Further woes emanate from of the Anglican Communion, the bizarre outfit pretending to be a worldwide, serious ecclesial body. Eliud Wabukala, Anglican Archbishop of Kenya, preaches against the ‘secular preoccupations of the West’. In other words, obsession with gay rights and the like would be an expression of cultural provincialism, not a genuinely universal affair. A wily critic of course might respond that African horror at the practice might also be culturally conditioned...Regardless, it presents Western, liberal churchmen with a nasty dilemma. Gays or Africa? Criticism of black, African culture is bad, neo-colonialist and reactionary, hence inadmissible. Alas, the notorious, unbelieving American bishop John Spong once sinned that unforgivable sin: ‘I am not going to give up being a modern man because of the Africans’ (or words to that effect), he once let off. Poor fellow! You almost feel for him.
Still, the prime prize for idiocy in this debate must go to Alan Somebody, the bishop of Buckingham. On telly, this pillock spoke of the need for the Church to relate to the ‘instincts’ of society. Wallahi! Cats and dogs, horses and lions, have instincts, bishop, and it is OK for them to follow them. Human beings also have instincts and urges, sure, but they sometimes have to control them. Because they are rational beings, they do not have to succumb to instincts. Same for society. Instincts have to be properly regulated. Subordinated to reason. Otherwise we might behold some peculiar spectacles around, given that human instincts cover areas from bestiality to incest and rape. Above all, the Christian Church’s message is not about obeying instincts but about following God’s Will. Amazing the pillock missed a bit of that.
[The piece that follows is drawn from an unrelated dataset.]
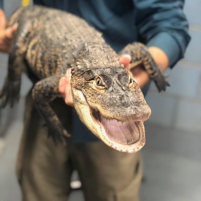 The alligator, which somehow ended up in Chicago's Humboldt Park, was captured by Animal Care and Control after a nea...

Back to Dante. In the same infernal passage quoted above he meets amongst the gays his former teacher, a distinguished Florentine intellectual, writer and diplomat, Brunetto Latini. ‘You here, Sir Brunetto?’ Dante exclaims, shocked. A cosy dialogue follows, however. ‘A dear, beloved, paternal face’, the poet describes his former masters’ image. And Brunetto calls him ‘my son’ throughout. There is not the slightest suggestion that Dante finds Sir Brunetto repulsive or odious. Quite the opposite. It is a melancholy but sentimentally uplifting encounter. Of course, Brunetto has to be where he has placed himself, presumably by followings his ‘instincts’. The teaching of the medieval Catholic Church was clear. Yet, genuine friendship, reverence and compassion may be stronger than sin. Call it God’s love – that’s that.
And Anglican bishops? Guess Dante might say, disdainfully (Inferno, 3: 48): ‘Let us not talk of them but look and move on’.